Abuse At Texas Institutions Is Beyond 'Fight Club'

Sign for Corpus Christi State School i i

Staff members at Corpus Christi State School in Texas have been charged with staging a late-night "fight club," using residents with mental retardation. Todd Yates/AP/The Caller-Times hide caption

itoggle caption Todd Yates/AP/The Caller-Times
Sign for Corpus Christi State School

Six staff members at Corpus Christi State School in Texas have been charged with staging a late-night "fight-club" using residents with mental retardation. The abuse was discovered accidentally, when one of the workers lost his cell phone, which contained videos of more than a year of the fights.

Todd Yates/AP/The Caller-Times

At a state institution for people with mental retardation in Texas, six staff members have been charged with taking part in staging what have been called human cockfights, using residents with mental retardation. The accusations have raised questions about how workers trained and hired to care for some of the most vulnerable people in society could instead treat them with cruelty.

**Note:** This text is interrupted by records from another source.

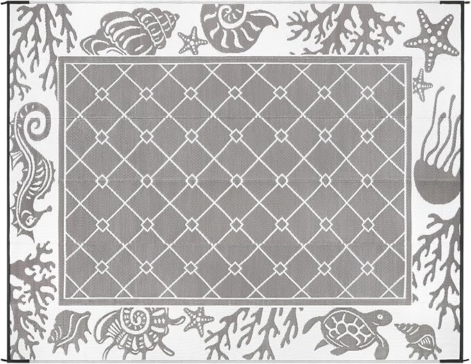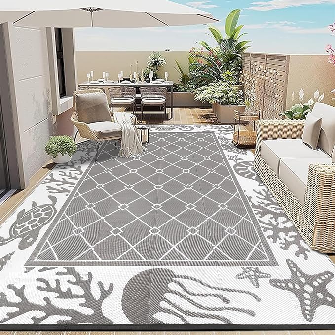 Vaukki Reversible Rugs, Plastic Straw Outdoor Doormat, Fade Resistant Plastic Outdoor Patio Mat, Lightweight Ocean Area Carpet for Patio, RV, Camping, Beach, Deck, Backyard and Picnic (Grey, 8'x10')
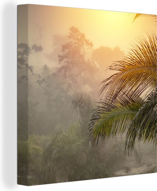 Tableau sur toile Paysage avec brouillard et palmiers - 20x20 cm - Décoration murale
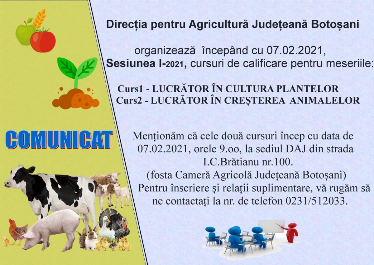 Direcția pentru Agricultură Județeană Botoșani organizează începând cu 7 februarie 2021, Sesiunea – I – 2021 a cursurilor de calificare în meserii din domeniu agricol.

The fights became known only because one of the workers lost his cell phone. It was found and turned over to an off-duty police officer. The phone had videos of more than a year of staged late-night fights, some as recent as this past January.

Cell Phone Evidence

Corpus Christi Police Capt. Tim Wilson says the videos showed a "lot of pushing, shoving and (in) several of the videos, there were punches thrown, and in one video we have a worker kicking one of the clients."

Wilson says one staffer narrated the fights, and those involved can be seen clearly on the videos.

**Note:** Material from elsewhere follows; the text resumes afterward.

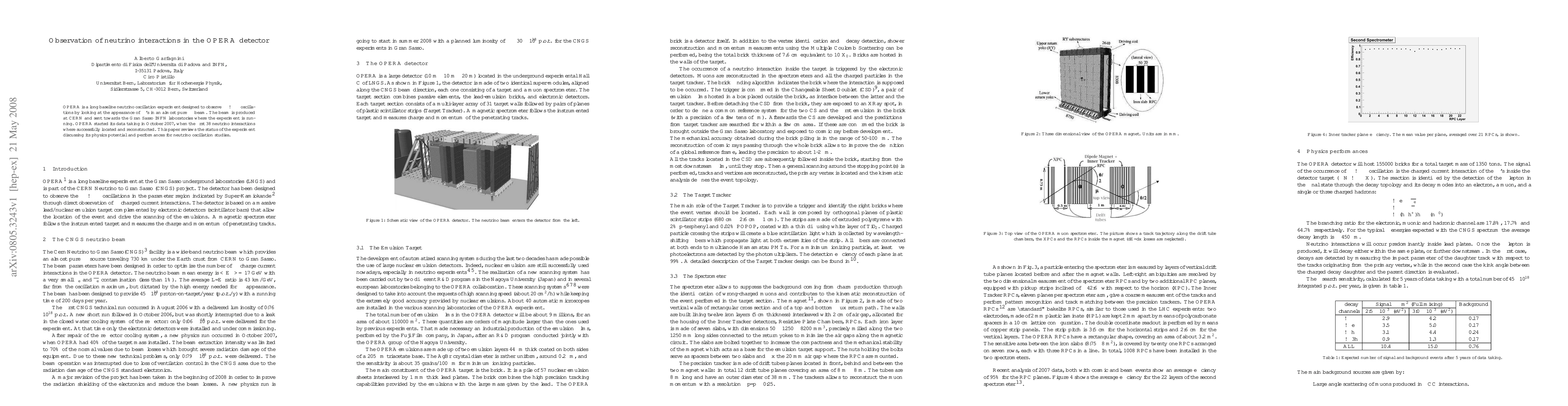 The OPERA experiment aims to observe $\nu_{\mu} \to \nu_{\tau}$ oscillations by detecting $\nu_{\tau}$'s in a $\nu_\mu$ beam from CERN. Initial data from October 2007 confirmed the first 38 neutrino interactions, highlighting the experiment's potential and performance for neutrino oscillation studies.

"I'm pretty appalled. I mean, these workers are supposed to be caring for these people, and here they are exploiting them for their own entertainment," Wilson says.

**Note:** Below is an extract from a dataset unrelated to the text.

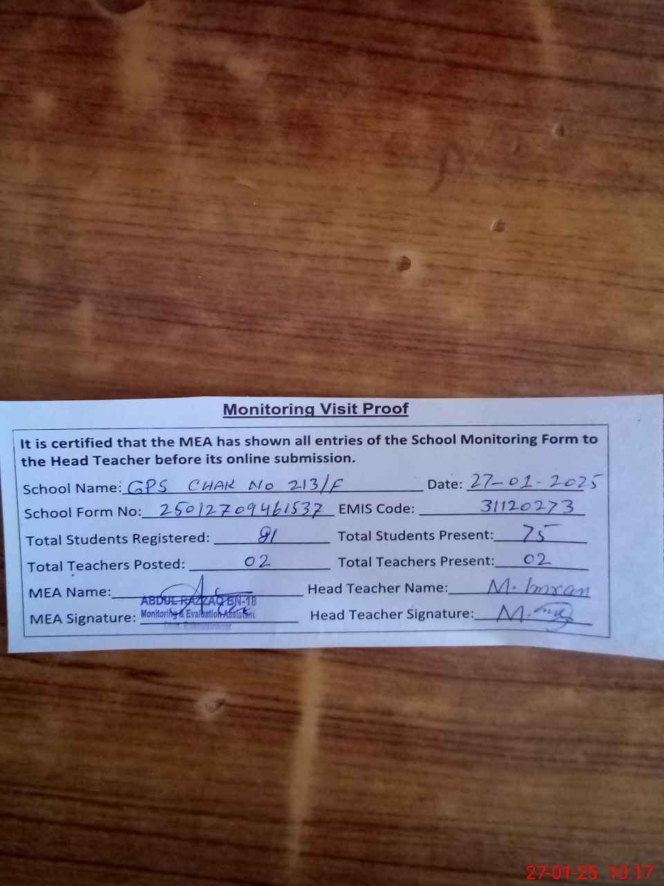| EMIS Code: 31120273 | Name of School: GPS CHAK NO 213/F | |||

He says the youngest residents with disabilities appeared to be in their late teens or early 20s, and the oldest in their 40s. "These are severely mentally challenged adults," says Wilson. Several were hurt or bruised, although none apparently required hospitalization.

In response, Texas state officials announced steps last week to prevent more abuse, including adding supervisors to evening shifts and installing security cameras in public areas at all 13 state institutions for people with intellectual disabilities. "We will continue to take swift and immediate action when abuse and neglect is reported," Addie Horn, who runs the Texas Department of Aging and Disability Services, pledged in a letter to the public last week.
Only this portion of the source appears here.